Although often considered an upmarket neighbourhood and one-time home to celebrities including Ian McEwan, Griff Rhys Jones and Guy Ritchie, Fitzrovia also includes some areas of high deprivation. It means that the Office of National Statistics classifies the area as “environmentally deprived”.
Last week construction work began to convert the £500 million (Dh2.87 billion) former Rathbone Place sorting office into 142 luxury apartments - 129 have already been sold, including a handful to buyers from Bahrain and the Middle East, fetching the developer £220.2m.
The controversial Make-designed development will also comprise 5,700 square metres of shops and offices as well as a semi-private garden square which members of the public will be able to use during the day time.
Prices start from £2.97m for a two-bedroom flat.
“[In part thanks to Crossrail] Fitzrovia is moving ahead and becoming the destination neighbourhood it deserves to be,” says Charlie Walsh, director of residential development sales at Savills, one of the agents on the scheme.
Q&A
What is Crossrail?
One of Europe’s largest railway and infrastructure construction projects.

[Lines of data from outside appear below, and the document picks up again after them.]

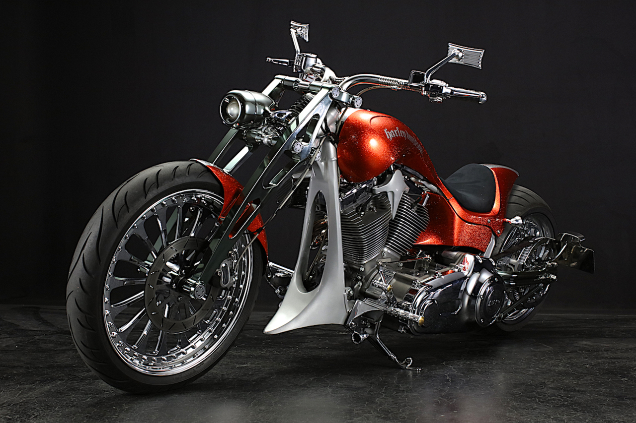 弊社オリジナルのホィール : OUT RAGEを使用。印象的なデザインのガーターフォークをはじめ、ハンドル / ガソリンタンク / オイルタンク / 前後フェンダー / エキゾースト・システム / ワイド・スィングアーム / その他、各種ブラケット等々、全てのパーツを弊社にてワンオフにて製作をさせて頂き、まさにスーパーハイエンドの名に相応しい仕上がりとなったカスタムです。
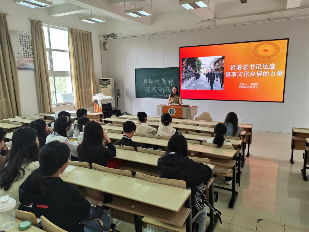 3月27日,谢细玲老师在教学楼2015教室为学生马列经典著作读书社(旗山校区)的成员做题为“沿着总书记足迹 汲取文化自信的力量”的专题讲座。
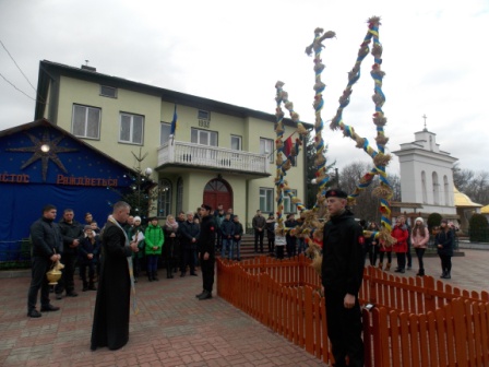 Як і було анонсовано, сьогодні, 4 січня 2018 року, о 13 годині на площі, що перед храмом Благовіщення Пресвятої Богородиці, за участю патріотів Апостольської чоти та городківчан настоятель храму о.Михайло Греділь провів процедуру освячення майже п’ятиметрового дідуха.
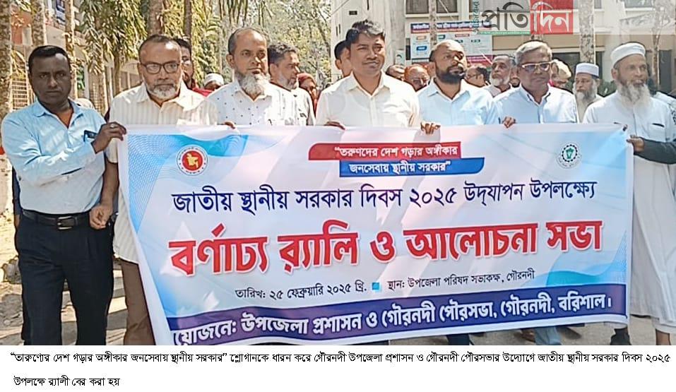 গৌরনদী প্রতিনিধি, মোঃ শফিকুল ইসলাম : “তারুণ্যের দেশ গড়ার অঙ্গীকার জনসেবায় স্থানীয় সরকার” শ্লোগানকে ধারন করে গৌরনদী উপজেলা প্রশাসন ও গৌরনদী পৌরসভার উদ্যোগে মঙ্গলবার সকালে গৌরনদীতে জাতীয় স্থানীয় সরকার দিবস ২০২৫ উদযাপন করা হয়।
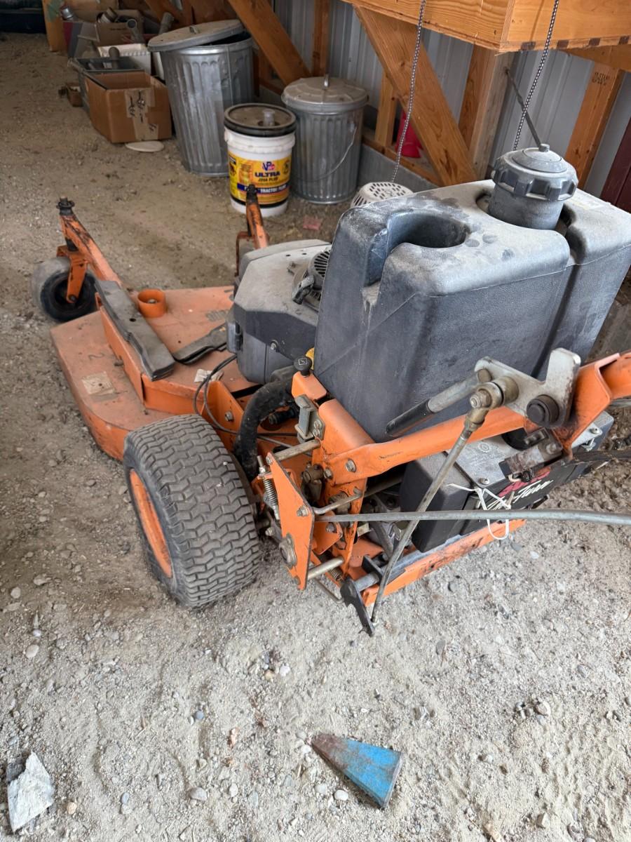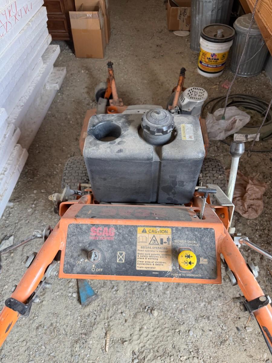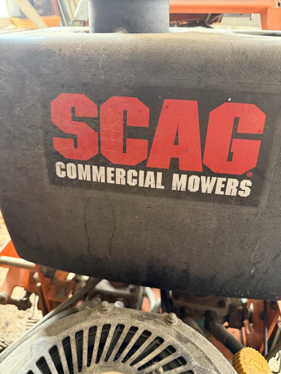 Heavy-duty SCAG commercial mower with Kawasaki engine and 52" deck. Shows signs of use but is structurally solid. Ideal for landscapers or property owners needing tough mowing power.

In December 2008 Transport for London and the Department for Transport signed an agreement committing them to financing the project to the tune of £15.9bn with construction work starting in 2009.
How long has it been planned?
Crossrail has been on the drawing board in London since 1948 in an attempt to better connect east and west London. Similar projects were also touted in the 1970s, ‘80s and ‘90s.
Why is the Rathbone Square scheme controversial?
Great Portland Estates bought the 2.3-acre Rathbone Place sorting office for £120m in 2011 (before the former owner Royal Mail was privatised). Westminster council granted planning permission to convert the site into flats, which is expected to generate the developer £97.5m in profit. It fuels claims from critics that the taxpayer lost out during the Royal Mail privatisation and that the venerable UK postal operator’s property portfolio was undervalued.
What else is Royal Mail selling?
Royal Mail owns unusually large sites in prime areas around London and elsewhere in the UK. According to its 2013 prospectus, the total value of its freehold properties stands at £787m and its leasehold properties are worth £318m. However, the Labour Party claims three more [Royal Mail] sites earmarked as surplus to requirement are worth as much as £1bn each - Mount Pleasant, Nine Elms and Paddington.